= Protestantism in Puerto Rico =

Officially introduced in 1872

Protestantism in Puerto Rico officially was introduced in 1872 when the first Protestant church in the Anglican tradition was established on the island. Before the islands of Puerto Rico came under United States sovereignty in 1898, Protestantism was suppressed under Roman Catholic Spanish rule.

==History==
In Montaña, Aguadilla, a group called "Los Bíblicos" met clandestinely under the direction of Antonio Badillo. Many freethinkers and Protestants belonged to Masonic lodges, as many in the older generation still do. In 1872, the first Protestant church was established in Puerto Rico, when Bishop William Walrond Jackson, from the Anglican Diocese of Antigua provided for the creation of the Holy Trinity Anglican Church in Ponce, followed several years later by All Saints Anglican Church in Vieques.

Soon after the change of sovereignty, United States Protestant denominations agreed to divide the island in order to facilitate missionary penetration. The two existing Anglican churches in Ponce and Vieques served as the basis for a new diocese of the Episcopal Church of the United States which has since had seven diocesan bishops. Presbyterians, Methodists, Baptists, Congregationalists and Disciples of Christ started the missionary work. While the President appointed the governors, these denominations were influential in government policies. After the 1940s this changed; nevertheless Protestantism kept growing, particularly Pentecostalism, which grew mostly among the poor and the rural.

== Institutions ==
Mainline Protestants started educational and health institutions. Presbyterians founded in 1912 the InterAmerican University, with 11 campuses and 40,000 students, and established in 1904 the Ashford Presbyterian Hospital in San Juan. Seventh-day Adventists founded Adventist University in 1961 and Bella Vista Hospital in 1954 near Mayagüez. In 1907, the Episcopal Church established St. Luke's Hospital in Ponce, the centerpiece of a multi-hospital health services organization today. An interdenominational Seminary, Seminario Evangélico de Puerto Rico was begun in 1919. There is a Council of Churches, founded by the cooperating denominations of the original community agreement.
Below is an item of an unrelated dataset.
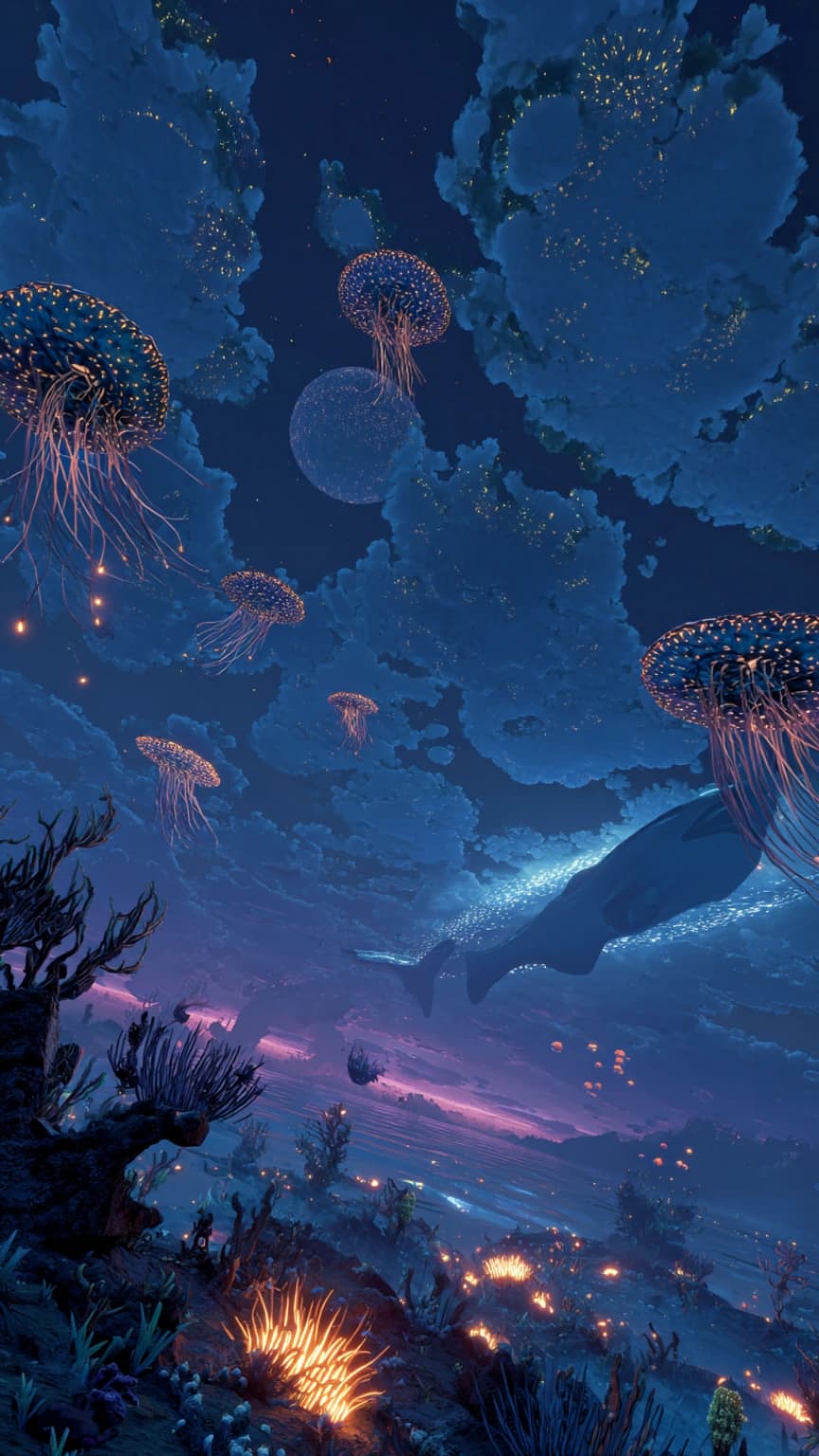A stunning, ultra-wide landscape of the oceanic zone on planet Thalassia Prime, ...

In 1940, Juanita Garcia Peraza and her followers founded the "Mita" congregation, the only Protestant religion of Puerto Rican origin.

== Present situation ==
Estimates of the Protestant population vary greatly. The CIA World Factbook estimates that 85% of the population is Roman Catholic while the remaining 15% are Protestants and other religions. Pollster Pablo Ramos stated in 1998 that the population was 38% Roman Catholic, 28% Pentecostal, and 18% were members of independent churches, which would give a Protestant percentage of 46% if the last two populations are combined. Protestants collectively added up to almost two million people. "The conclusion is that Puerto Rico is no longer predominantly Catholic."
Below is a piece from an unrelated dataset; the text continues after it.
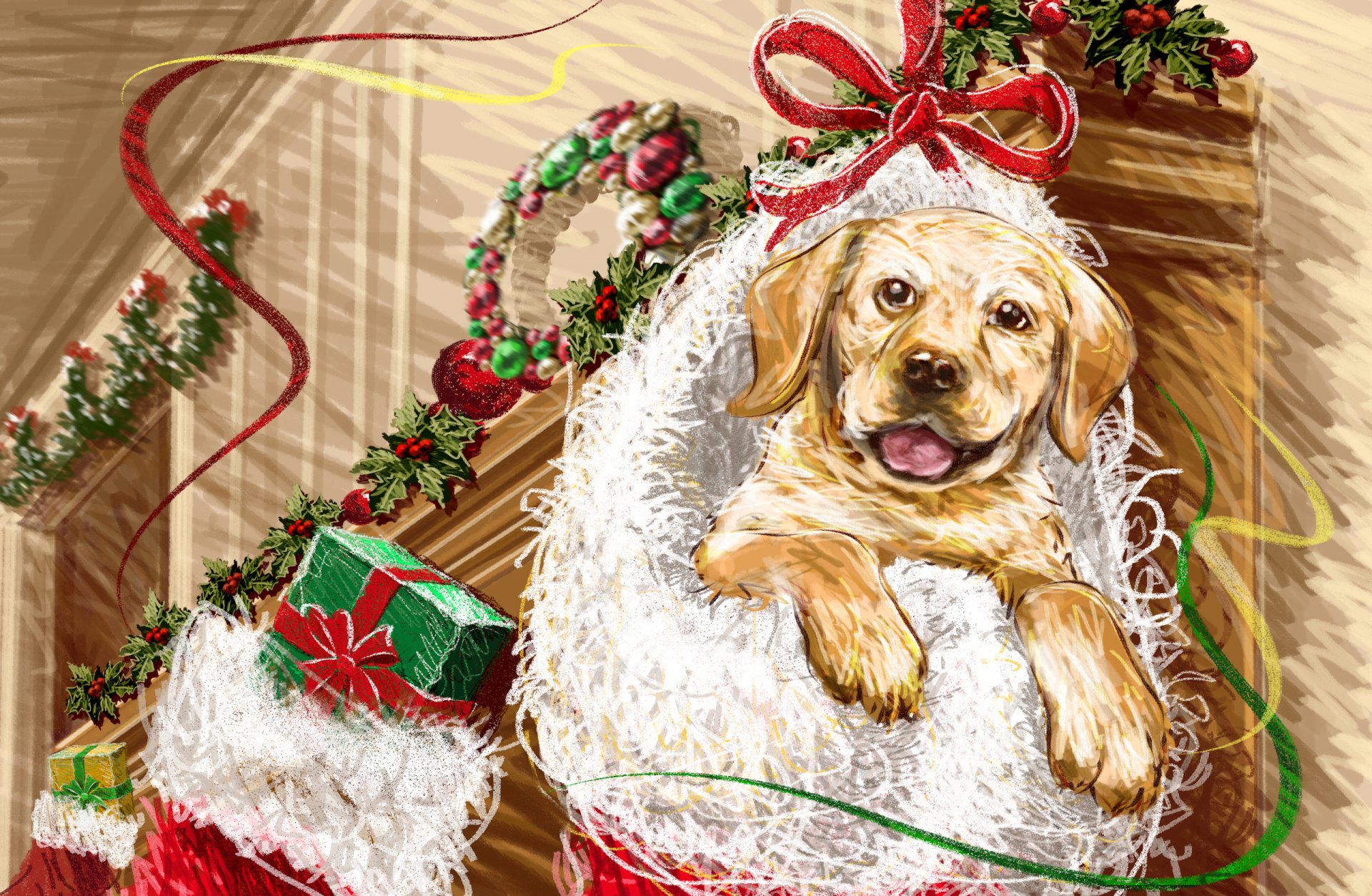 Welpe im Neujahrssocken

Another researcher gave a more conservative assessment of the proportion of Protestants: "Puerto Rico, by virtue of its long political association with the United States, is the most Protestant of Latin American countries, with a Protestant population of approximately 33 to 38 percent, the majority of whom are Pentecostal. David Stoll calculates that if we extrapolate the growth rates of evangelical churches from 1960-1985 for another twenty-five years Puerto Rico will become 75 percent evangelical." Guatemala and Honduras have similar proportions of Protestants, with Guatemala probably being the highest.

== Bibliography ==
- Cardona, José A. Breve historia de la Iglesia Presbiteriana en Puerto Rico. Río Piedras, 1976.
- Rodríguez, Daniel R. La primera evangelización norteamericana en Puerto Rico, 1898-1930. México, D.F.: Ediciones Borinquen, 1986.
- Silva Gotay, Samuel. Protestantismo y Política en Puerto Rico. San Juan: Editorial Universidad de Puerto Rico, 1997.